Wir sitzen mit dem Rücken an der inneren Mauer und hören der Brandung zu. Die Wellen brechen an der Außengrenze. Im Sommer ist das kaum zu hören, ein leises Rauschen, das mit dem Brummen der Pumpen verschwimmt, monoton und beruhigend. Aber jetzt ist es ein Donnern, und wir spüren die Erschütterung in unseren Wirbelsäulen. Wir spüren sie, obwohl das unmöglich ist. Friedrich hat seismische Messungen angestellt, der Doppelring bewegt sich nicht.

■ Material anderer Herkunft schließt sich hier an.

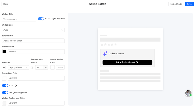 The Native Button Display allows you to embed AVA as a CTA button on your website.

»Das ist der sicherste Ort«, sagt er.

Dir fehlt das Vertrauen, denke ich, nirgendwo könnte es sicherer sein als in der Festung. Die

»Ja«, sage ich.

Der Nebel verbirgt die Stadt, wie wir sie kennen. Wenn wir den Blick nach vorn richten, sehen wir die Dächer nicht und nicht die Türme, wir sehen die Kuppeln nicht und nicht die Mauer. Wir sehen nur unser Feuer und dahinter die große Ebene der Freiheit, in der Ferne verwischt sich das Panorama, kein Himmel, kein Beton, nur Weiß. Dahinter könnte sich alles verbergen.

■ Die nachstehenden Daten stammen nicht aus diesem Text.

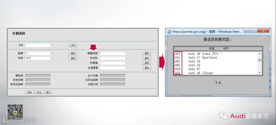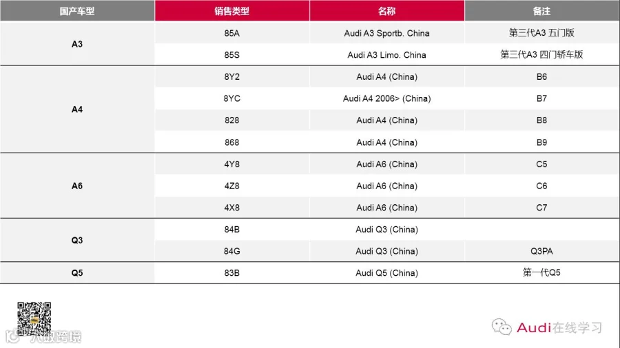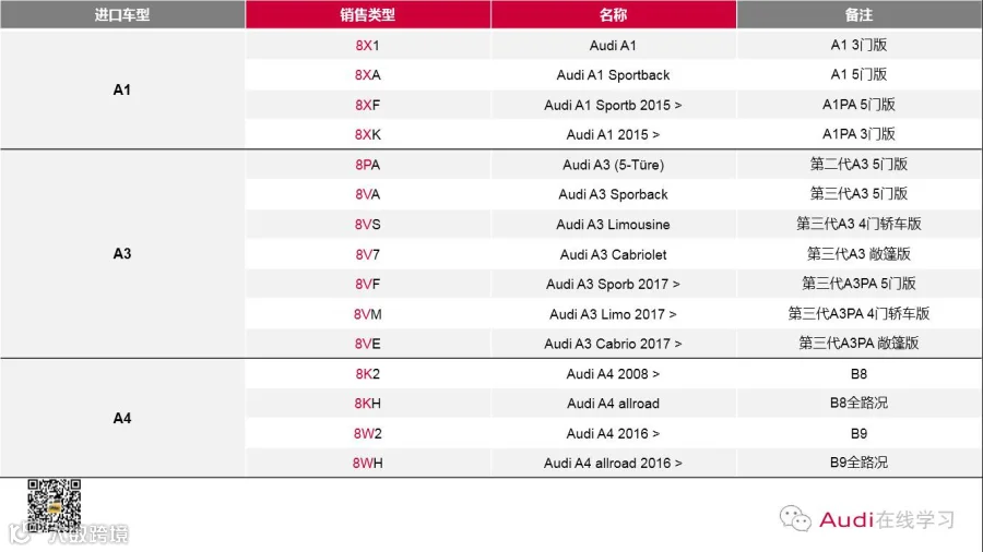 销售类型由三位数字或字母组成,前两位确定车型,最后一位用来区分车型的款式,且前两位都可以在底盘号中的第7、8位体现。详见车辆身份证-VIN。下面小编汇总了常用的奥迪车型销售类型,以供大家平时正确选择。

Mit der Schneedecke sieht die Freiheit aus wie eine vereiste Wasserfläche, vereinzelt ragen kleine Inseln mit Sträuchern heraus. Auf der anderen Seite stehen zwischen den Bäumen die Büffel und die Pferde. Die Tiere bleiben beieinander, und sie meiden die Nähe der Mauer. Vielleicht ein Instinkt, den wir verloren haben.

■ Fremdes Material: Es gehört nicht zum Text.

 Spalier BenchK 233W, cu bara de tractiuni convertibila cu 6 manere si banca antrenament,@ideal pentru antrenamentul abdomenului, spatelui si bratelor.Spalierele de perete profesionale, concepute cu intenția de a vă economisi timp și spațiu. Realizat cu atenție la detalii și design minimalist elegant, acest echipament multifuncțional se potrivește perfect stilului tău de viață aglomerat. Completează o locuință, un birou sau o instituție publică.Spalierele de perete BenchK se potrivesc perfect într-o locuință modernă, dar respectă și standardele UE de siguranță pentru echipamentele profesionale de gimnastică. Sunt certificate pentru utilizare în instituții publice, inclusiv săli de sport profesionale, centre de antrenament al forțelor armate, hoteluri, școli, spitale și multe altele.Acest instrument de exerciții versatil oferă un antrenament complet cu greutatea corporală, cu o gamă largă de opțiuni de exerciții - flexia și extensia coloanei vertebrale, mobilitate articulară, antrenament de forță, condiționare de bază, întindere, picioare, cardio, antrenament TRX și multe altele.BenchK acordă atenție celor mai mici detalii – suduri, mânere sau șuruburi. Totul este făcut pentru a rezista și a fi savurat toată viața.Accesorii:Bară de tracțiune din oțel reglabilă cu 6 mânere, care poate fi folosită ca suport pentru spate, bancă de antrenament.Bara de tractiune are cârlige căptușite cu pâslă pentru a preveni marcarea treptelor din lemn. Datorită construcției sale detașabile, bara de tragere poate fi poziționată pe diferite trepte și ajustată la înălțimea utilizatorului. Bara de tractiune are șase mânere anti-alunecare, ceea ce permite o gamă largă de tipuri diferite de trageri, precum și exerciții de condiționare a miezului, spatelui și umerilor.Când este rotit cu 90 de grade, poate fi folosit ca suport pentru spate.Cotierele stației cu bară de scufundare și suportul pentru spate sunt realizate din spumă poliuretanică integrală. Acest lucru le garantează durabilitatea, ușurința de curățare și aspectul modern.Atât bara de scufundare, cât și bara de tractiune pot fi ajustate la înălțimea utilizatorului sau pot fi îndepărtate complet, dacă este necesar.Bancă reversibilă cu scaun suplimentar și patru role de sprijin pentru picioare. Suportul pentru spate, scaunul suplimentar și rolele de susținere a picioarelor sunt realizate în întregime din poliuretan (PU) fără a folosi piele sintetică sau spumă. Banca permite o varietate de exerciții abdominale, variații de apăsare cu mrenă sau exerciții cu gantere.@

»Ich weiß noch, wie du angekommen bist«, sagt Friedrich. Ich kenne die Geschichte, er hat sie mir tausendmal erzählt, früher habe ich sie gern gehört. Klein war ich, dünn und blass, geschrien habe ich und getreten, wie eine Verrückte getreten und geschrien, und trotzdem habe ich schon ausgesehen wie eine echte Lola, wie die alte Lola, seine Lola.

Drei Nächte vorher, als die alte Lola entschwunden war, hat er nicht geweint.

»Ich weiß auch nicht, warum nicht«, sagt Friedrich.

»Vielleicht hast du bis dahin gehofft, dass sie doch noch zurückkommt«, sage ich, »dass sie nicht wirklich entschwunden ist. Es hätte ja sein können, dass sie sich nur versteckt, irgendwo im ungesicherten Gebiet. Die Stadt ist groß.«

»Nein«, sagt Friedrich, »ich wusste, dass ich sie nicht wiedersehen werde. Ich habe sie gerufen, drei Mal, mit dem Linearfunk und mit dem Echo, sie hat nicht geantwortet, und da wusste ich es.«

Er steht auf, dreht mir den Rücken zu, greift sich eine Handvoll Reisig und wirft es ins Feuer. Die Flammen lodern kurz auf, dann beruhigen sie sich.

Das Entschwinden der alten Lola stellt eine Ausnahme dar. Sie ist entschwunden, bevor ich angekommen bin. So etwas passiert eigentlich nicht. Eigentlich hätten wir einen Winter zusammen in der Festung leben sollen.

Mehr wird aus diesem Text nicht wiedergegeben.